**Activity**
Once the pictures are set aside, copy the data below exactly as it stands.

**Source material**
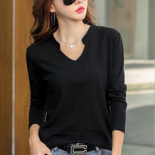 F85596 기본스타일 V넥 면티셔츠 봄신상긴팔티 WFL8DB4
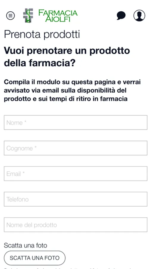 - Richiesta e prenotazione prodotti, anche mediante l'invio di immagini
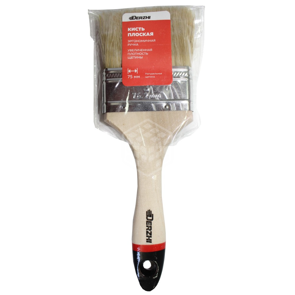 Характеристики товара Кисть плоская Derzhi Профи, натуральная щетина, 75 мм
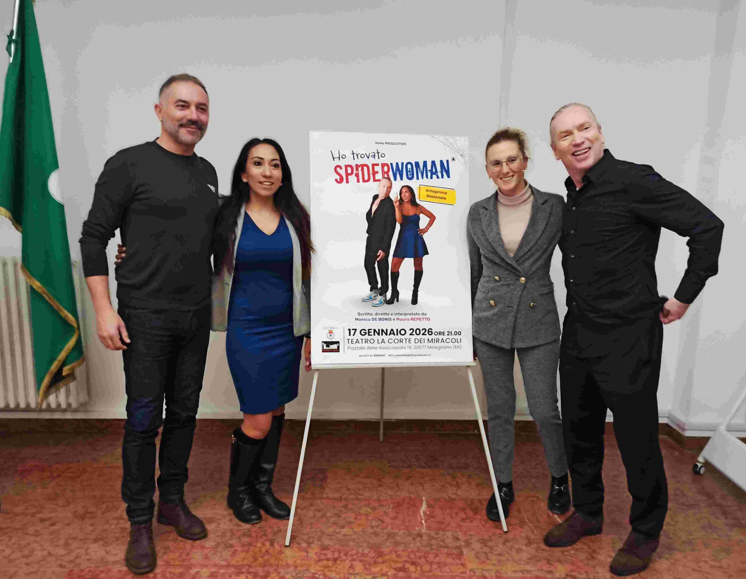 Monica De Bonis e Mauro Repetto hanno scelto Melegnano per l’anteprima del loro nuovo spettacolo dal titolo “Ho trovato Spider Woman” in scena sabato 17 gennaio, al teatro La Corte dei Miracoli. Nella conferenza stampa che si è tenuta nel Municipio di Melegnano a cui hanno presenziato il sindaco Vito Bellomo, l’assessora Serena Mazza e il responsabile dell’ufficio stampa Andrea Grassani, Repetto ha fatto subito notare che la scelta del comune di Melegnano non è stata casuale. È stato un po’ come giocare in casa, data la vicinanza con la sua Pavia.

**Solution to this exercise**
 F85596 기본스타일 V넥 면티셔츠 봄신상긴팔티 WFL8DB4
 - Richiesta e prenotazione prodotti, anche mediante l'invio di immagini
 Характеристики товара Кисть плоская Derzhi Профи, натуральная щетина, 75 мм
 Monica De Bonis e Mauro Repetto hanno scelto Melegnano per l’anteprima del loro nuovo spettacolo dal titolo “Ho trovato Spider Woman” in scena sabato 17 gennaio, al teatro La Corte dei Miracoli. Nella conferenza stampa che si è tenuta nel Municipio di Melegnano a cui hanno presenziato il sindaco Vito Bellomo, l’assessora Serena Mazza e il responsabile dell’ufficio stampa Andrea Grassani, Repetto ha fatto subito notare che la scelta del comune di Melegnano non è stata casuale. È stato un po’ come giocare in casa, data la vicinanza con la sua Pavia.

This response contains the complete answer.